Было Илье обидно непонятное слово. Днями сидел он в лакейской и плакал втайне, вспоминая Арефия.
Тут пришло на него горшее искушение.
Уехал барин на медвежью охоту, на целую неделю. Садилась Зойка за стол одна, в красных шалях, пила стаканами ренское вино. Упилась раз до злости, обожгла Илью черными глазами и приказала пить за ее здоровье. Никогда не пил Илья вина – греха боялся. А тут поскидала с себя Зойка красные шали, оголилась до пояса, подтянула под темные груди алую ленту с нанизанными червонцами и уставилась на Илью глазищами. Опустил Илья глаза в пол от искушения. А она притянула его за руку к себе и заворожила глазами-змеями. Поглядел Илья на ее жаркие губы и убежал в страхе от соблазна. А она смеялась.

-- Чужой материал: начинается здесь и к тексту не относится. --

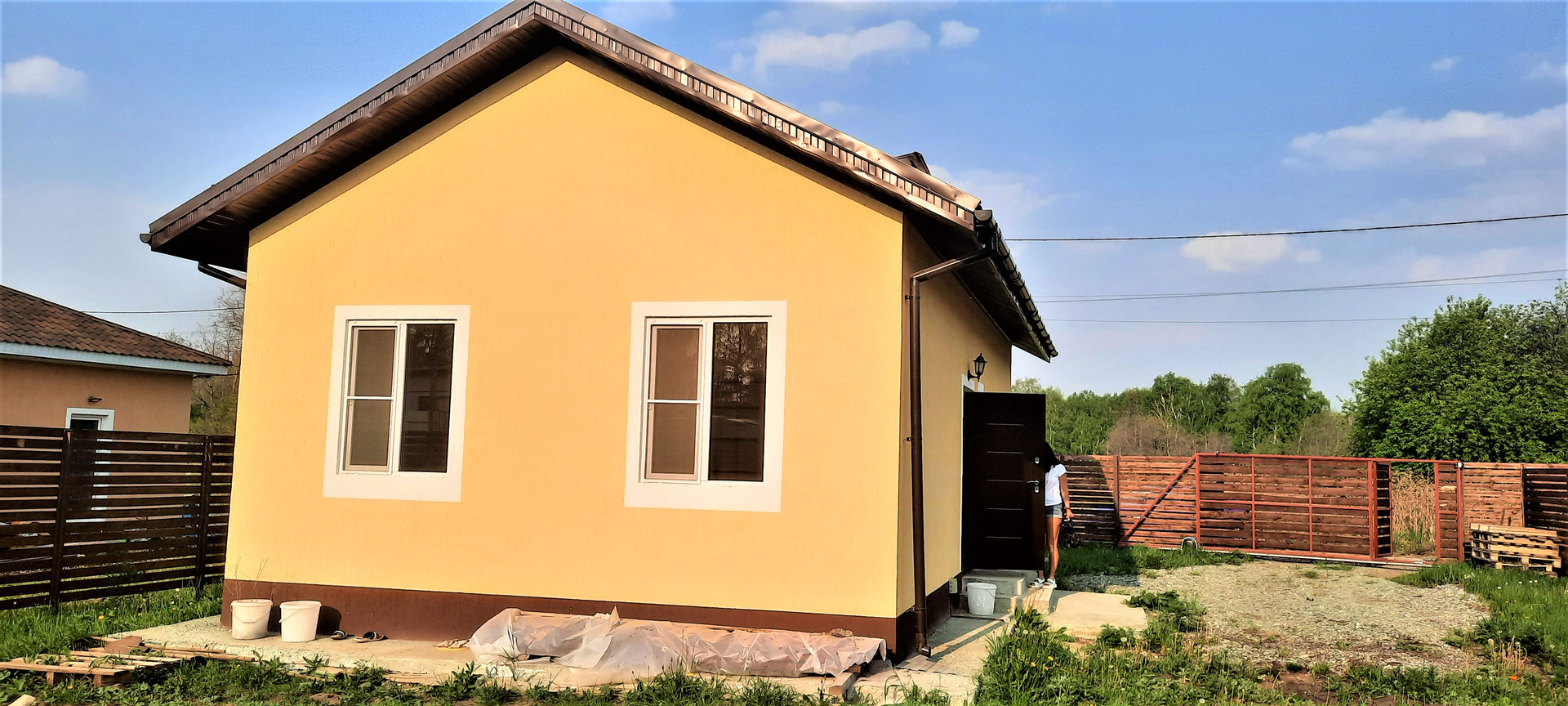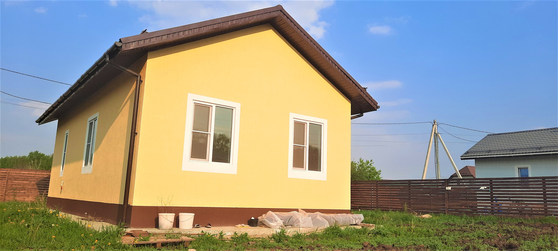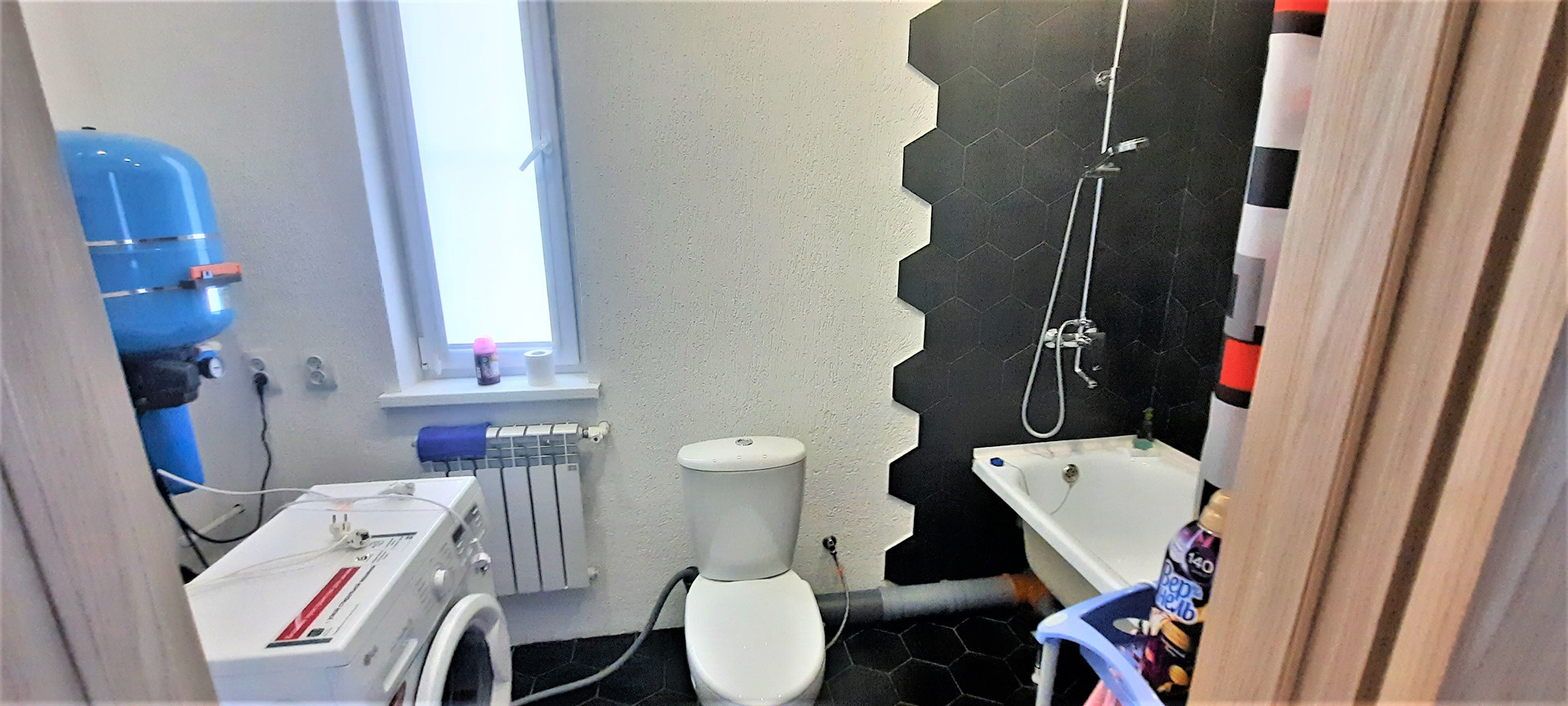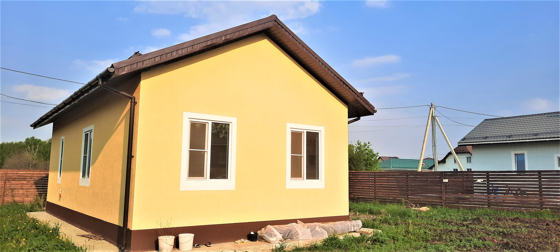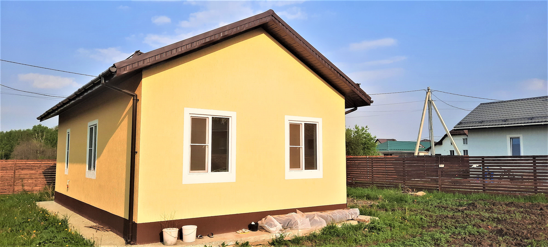 •    Дом из твинблока, утеплен, площадь 60 кв.м., 3 комнаты, кухня, санузел.
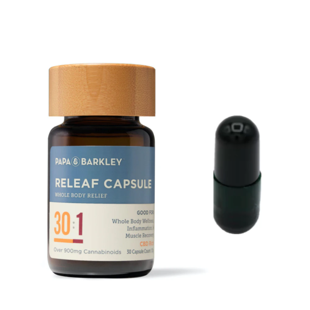 With the calming, pain-relieving effects of CBD at the forefront, Papa & Barkley's CBD Rich capsules help alleviate every day stress, anxiety, and pain. Their capsules contain Papa & Barkley’s triple-tested whole-plant oil into a fixed dose. Entirely vegan and gluten-free, Releaf Capsules reduce inflammation and enhance your mood. Ingredients: MCT Oil, Cannabis. 30mg cannabinoids per capsule, 30 capsules per pack.
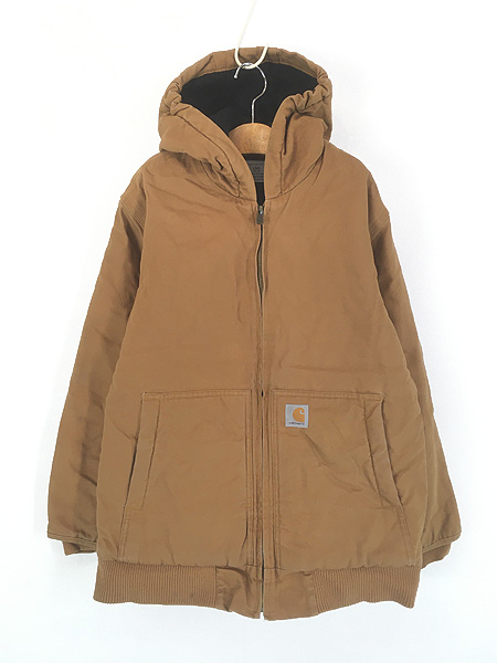 キッズ 古着 Carhartt 防寒 裏地 キルティング セパポケ ブラウン ダック ワーク アクティブ パーカー L 14-16歳位

Понял тогда Илья, что послано ему искушение, помолился Страстям Господним и укрепился.
После обеда повалил снег, и зашумела на дворе метелюга. Тогда крикнула Илье Зойка – топить самый большой камин, Львиную Пасть, приказала ему сидеть при огне неотлучно и замкнула его в опочивальной. Понял тогда Илья, что идет на него новое искушение. Стал на колени и помолился Иоанну Киевскому. И слышит:
– Ступай, Фефелиха, в баню!
Вошла Зойка в опочивальню, а дверь замкнула. Стало в опочивальной жарко. Тогда выбежала Зойка из-за ширмы, босая и обнаженная, ухватила Илью сзади за шею и потребовала иметь с ней грех. Но совладал Илья с искушением: схватил горящую головешку и ткнул ее в голую грудь блудницы. Слышал только визг неистовый, похожий на кошачий, и уже ничего не помнил. Очнулся и видит: сидит он в своей каморке, на тюфяке, а на дворе ночь черная и шумит метелюга. Пришла старая Фефелиха и смеется:
– Змея-то наша спьяну на головешку упала, ожглась.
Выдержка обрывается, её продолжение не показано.